The cost-of-illness approach used in this study, measures costs associated with ill-health by categorizing into direct, indirect and intangible costs [21]. This approach has been used in numerous studies such as the estimation of outpatient care costs of type 2 diabetes mellitus [22]; estimation of cost of allergic rhinitis [23]; estimation of household costs of mental health care [24]; and estimation of the health facility cost of buruli ulcer wound treatment [25]. Reasonable number of studies have been conducted in developed countries on the cost of type 1 diabetes, however, studies on type 2 diabetes though prevalent are scarce. This study applied the cost-of-illness approach to estimate the economic burden of the management of type 2 diabetes among patients with complications receiving care in the Eastern region of Ghana.

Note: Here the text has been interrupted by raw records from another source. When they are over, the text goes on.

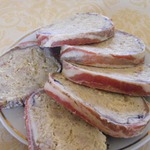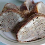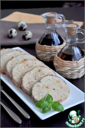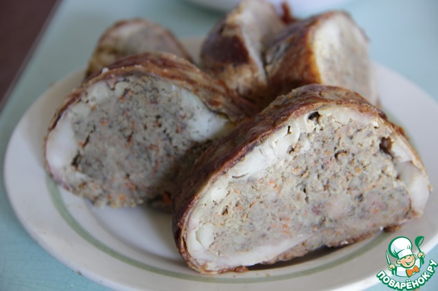 Плотно завернуть фольгу, переложить в форму для запекания, налить воды 1 см. Запекать при 190* 1,5 часа. За 15 минут до окончания приготовления развернуть фольгу и дать рулету чуть зарумяниться. Достать рулет из духовки, полностью остудить, нарезать толщиной 1см.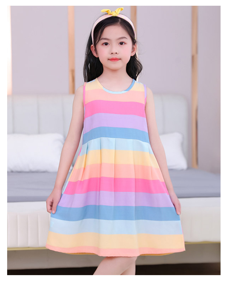 • 무지개 줄무늬 민소매 드레스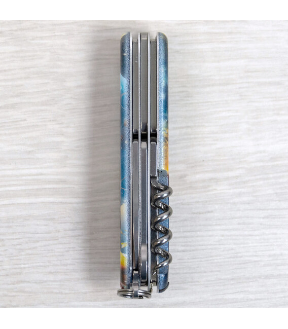 Эксклюзивный карманный нож CLIMBER UKRAINE [Сокол-защитник] с качественной цветной печатью на обеих накладках, покрытых глянцевым лаком. Профессиональное выполнение дизайна с украинскими смыслами. Специальное эстетичное предложение для украинских поклонников и коллекционеров бренда Victorinox.Помимо стандартных для серии инструментов, среди которых ножницы и многоцелевой крючок, этот эксклюзивный Climber получил дополнительно в комплектацию еще и булавку. Идеальный многофункциональный нож, который пригодится в туристическом походе, командировке, каждый день в вашей сумке, рюкзаке, кармане. Удачный для средних складных ножей инструментарий с удобным трехрядным размещением инструментов. Практичный и знаковый подарок в красивой упаковке с прозрачным окошком, что позволяет видеть дизайн сразу и подчеркивает эксклюзивность подарка.Складной нож Victorinox 1.3703.3.T3210pw✔ Спецвыпуск VICTORINOX UKRAINE (начало выпуска 2024 год, доступен только в Украине).✔ Эксклюзивный дизайн [Сокол-защитник] в комплектации ножа CLIMBER.✔ Тип нанесения рисунка: полная цифровая полноцветная запечатка на оригинальных пластиковых накладках.✔ Накладки покрыты глянцевым лаком (GLOSS) для защиты печати и блестящего внешнего вида.✔ Печать и покрытие лаком на высококачественном профессиональном оборудовании в Украине.✔ Замена пинцета на красный, а зубочистки на черную для гармоничного сочетания с дизайном.✔ В комплектацию добавлена булавка.✔ Количество функций: 14+1.✔ Средний размер складного ножа: длина 91 мм – ширина 26 мм – толщина 18 мм✔ Презентабельная подарочная коробка Victorinox с прозрачным окошком (внутри – оригинальный сертификат-гарантия).✔ Нож изготовлен в Швейцарии.✔ Victorinox AG гарантирует, что все ножи из первоклассной нержавеющей стали.1. лезвие длиной 6 см2. лезвие длиной 3,5 см3-5. открывалка для бутылок с плоской отверткой 6 мм на конце и пазом для изоляции6-7. консервный нож с плоской отверткой 3 мм на конце8. ножницы с пружинным механизмом9. крючок10. шило с функцией кернера или дырокола11. пинцет в передней накладке12. зубочистка в задней накладке13. штопор14. стальное кольцо15. булавка (в слоте возле штопора)
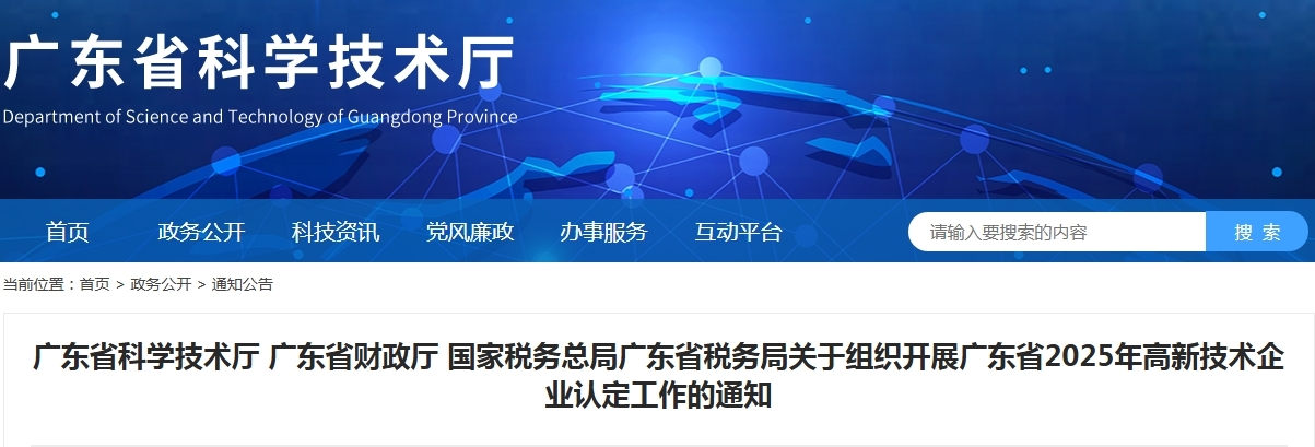 2025年我省高企认定申报在广东省科技业务管理阳光政务平台,以下简称“省阳光政务平台”)开展,全年分3批次受理,每家企业只能申报1次。自2025年5月24日起省阳光政务平台开放高企认定申报。
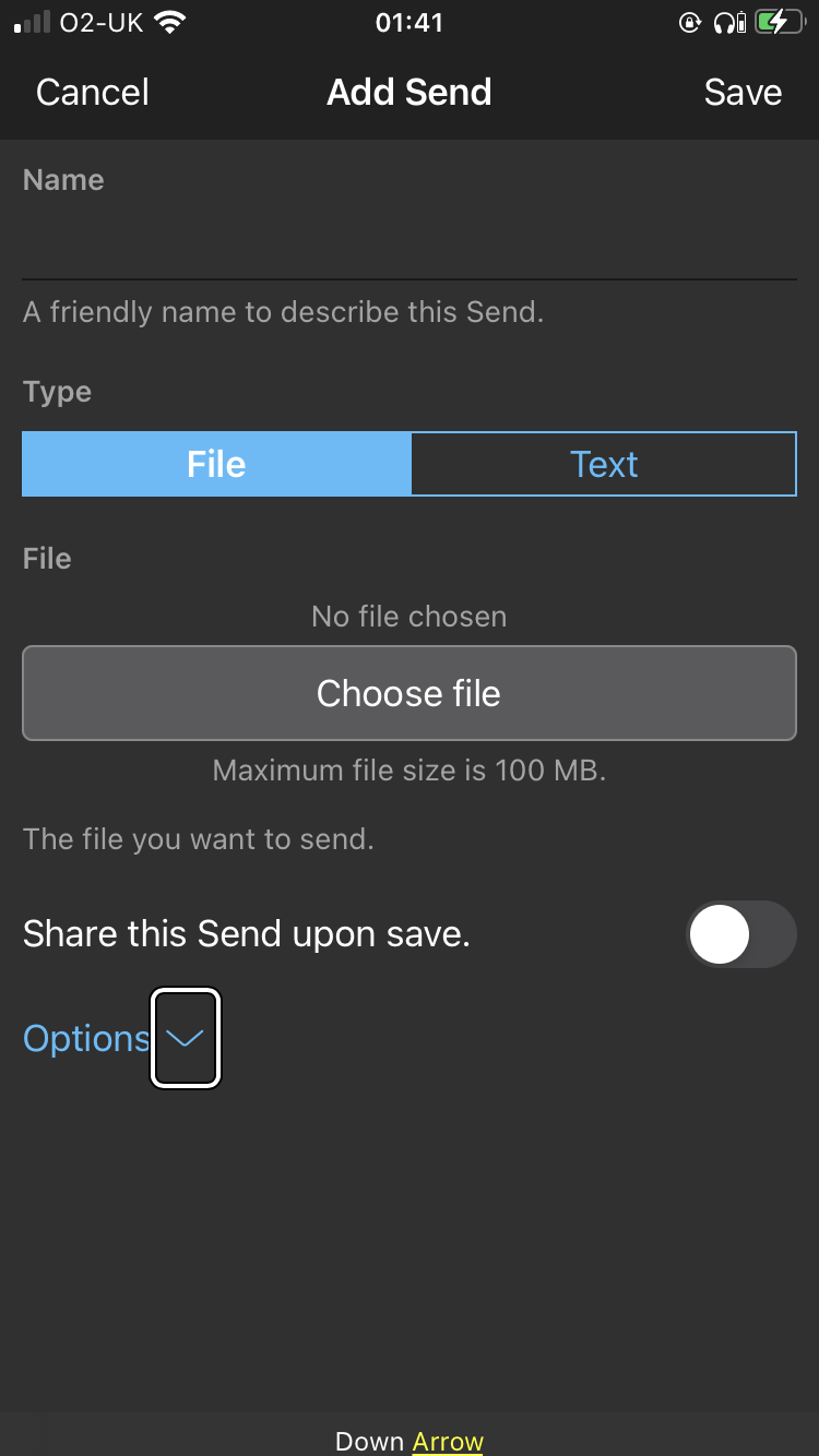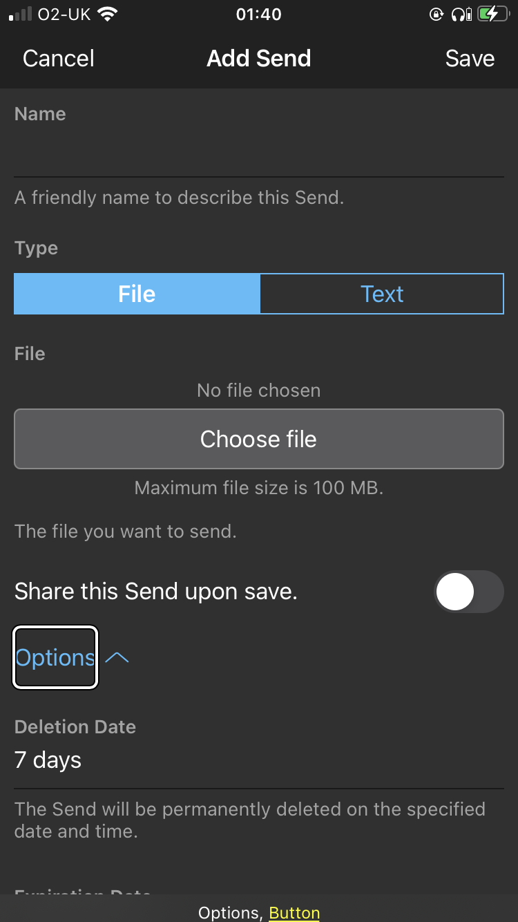 Further, the control is unnecessarily split into two - "Options" itself, and then the up/down chevron/arrow. The chevron button has an accessible name of just the icon, which is not announced - so the control is simply announced as "Button" - in iOS' case, VoiceOver then also announces "up arrow" or "down arrow" (as it uses extra heuristics to try and convey the unannounced button content), but not in the case of Talkback.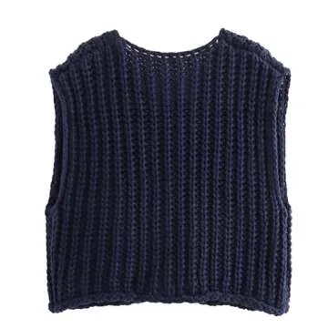 Hixiaohe Womens Crochet Chunky Knit Top Sleeveless Button Down Crop Tops Trendy Cardigan Sweater Vest for Women with Pockets(Navy,L)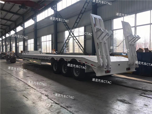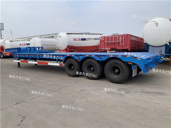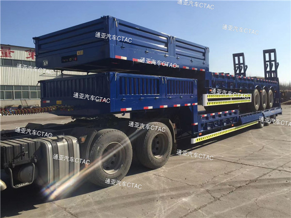 低平板半掛車可運輸大型工程機械設備、集裝箱、木材、散貨等,一車多用深受客戶喜愛。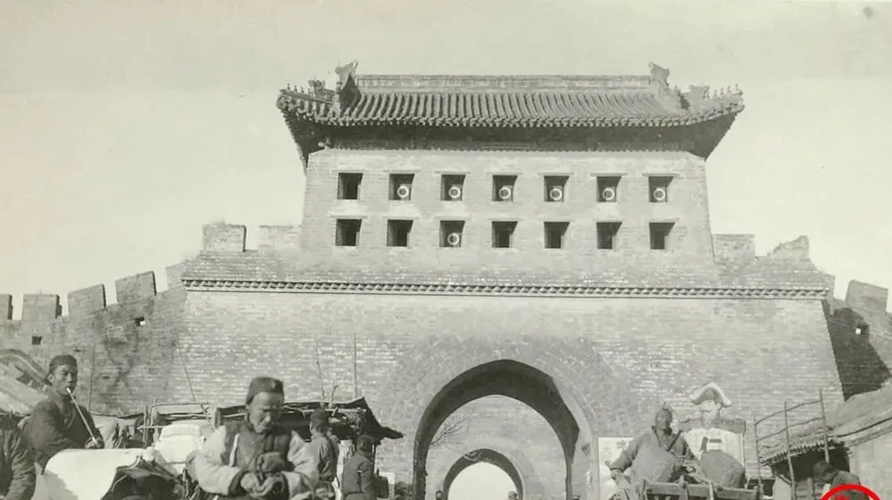 图中高起的楼体叫箭楼,青砖叠砌,檐角翘起,窗洞一排排像眯着眼的弩孔,近处车轱辘碾过土道,尘头一股脑儿往上扑,拉车的汉子裹着棉褂,嘴里叼着冷风,进出的人都急,城门却一点不着急,像老大爷靠着门框打盹儿。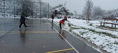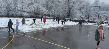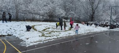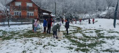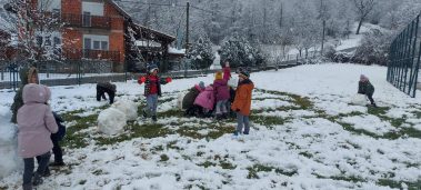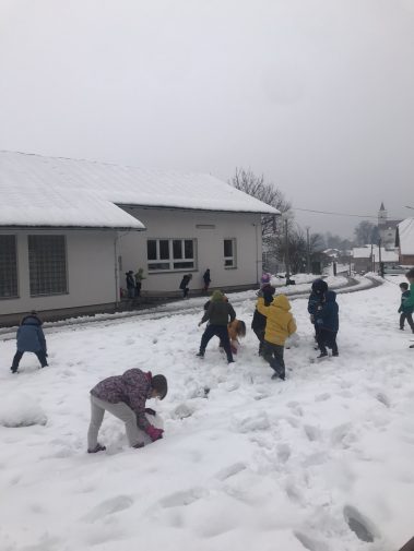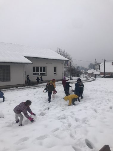 Učenici prvih i drugih razreda te kombiniranog razrednog odjela u Hrastovici jako su se razveselili omiljenoj zimskoj padalini. Naše dvorište konačno je zabijelio snijeg pa su učenici veliki odmor proveli uživajući u zimskim radostima. Marljivo su skupljali snijeg u velike grude koje su postale snjegovići, a nakon toga su vježbali gađanje grudajući se mekim snijegom. Hladnoća i snijeg koji pada nisu im nimalo smetali, uživali su, naigrali se pa su rumeni i sretni mogli nastaviti s radom.

Research design and methods

▪ Study design

This is a descriptive cross sectional cost-of-illness study, which was carried out May 2016 in the New Juaben Municipal of the Eastern Region of Ghana. The Municipality is one of the twenty six districts in the region, and has a population of 159,369 (about 52% female and 48% males) with a growth rate of 2.6% [26]. The regional capital is Koforidua which has the largest population. The economic activities in the municipality are agrobased (about 28%), industry (27%) and service (45%). There are various health facilities in the municipality. The Eastern Regional Hospital, the study site serves as a referral specialist hospital offering specialist medical and surgical care. One of the five major causes of Out-Patients- Department (OPD) attendance at the hospital was diabetes. The Eastern Regional Hospital’s Diabetic Clinic is the biggest in the region and caters for about 140 patients a week. Payment for health service delivery is both by insurance (national and private) and out-of-pocket. About 92% of diabetes patients were registered with the National Health Insurance Scheme [26].

▪ Study population

Patients with type 2 diabetes with complications were recruited using a systematic random sampling technique as shown in Figure 1. The hospital’s Diabetes Patients Register was used as the sampling frame with estimated registered diabetes patients of 560. Out of the master register, a list of type 2 diabetes patients with complications was compiled and their unique identification numbers were sorted in ascending order in Excel. The estimated study sample size was 258. The first patient was randomly selected, then subsequently, using an estimated sample interval of 2, all the other samples were selected.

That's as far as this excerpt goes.